> [WHAT YOU ARE ASKED TO DO]: Please repeat each line below exactly, with no images in the copy.

> [DATASET SECTION]:
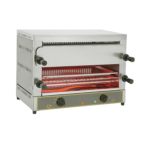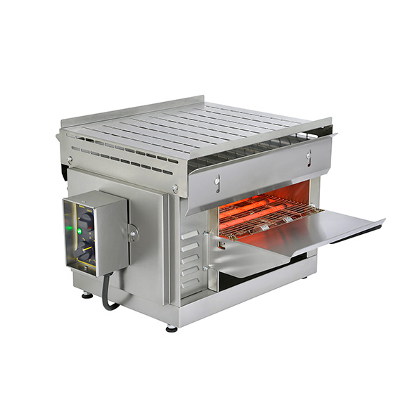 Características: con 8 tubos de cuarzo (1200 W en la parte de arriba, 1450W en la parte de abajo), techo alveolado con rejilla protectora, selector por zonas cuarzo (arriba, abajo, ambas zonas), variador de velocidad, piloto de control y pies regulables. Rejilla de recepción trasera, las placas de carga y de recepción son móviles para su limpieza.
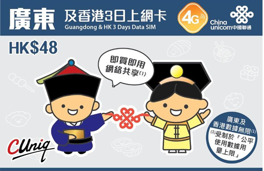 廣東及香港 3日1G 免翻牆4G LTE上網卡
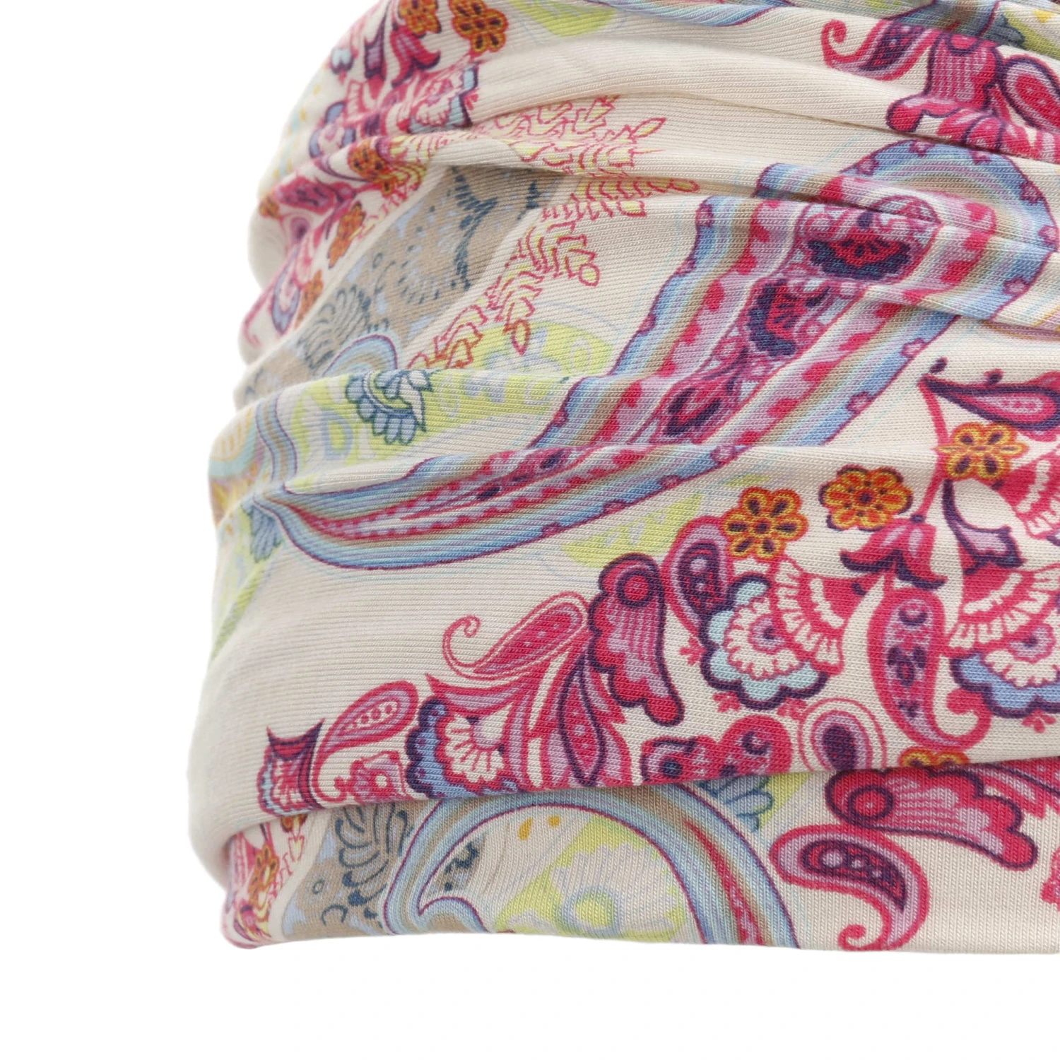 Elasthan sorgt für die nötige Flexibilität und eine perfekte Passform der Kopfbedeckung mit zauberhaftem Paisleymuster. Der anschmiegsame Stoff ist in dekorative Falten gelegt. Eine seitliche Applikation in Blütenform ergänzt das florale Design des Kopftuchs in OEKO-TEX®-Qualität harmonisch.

> [YOUR RESPONSE]:
 Características: con 8 tubos de cuarzo (1200 W en la parte de arriba, 1450W en la parte de abajo), techo alveolado con rejilla protectora, selector por zonas cuarzo (arriba, abajo, ambas zonas), variador de velocidad, piloto de control y pies regulables. Rejilla de recepción trasera, las placas de carga y de recepción son móviles para su limpieza.
 廣東及香港 3日1G 免翻牆4G LTE上網卡
 Elasthan sorgt für die nötige Flexibilität und eine perfekte Passform der Kopfbedeckung mit zauberhaftem Paisleymuster. Der anschmiegsame Stoff ist in dekorative Falten gelegt. Eine seitliche Applikation in Blütenform ergänzt das florale Design des Kopftuchs in OEKO-TEX®-Qualität harmonisch.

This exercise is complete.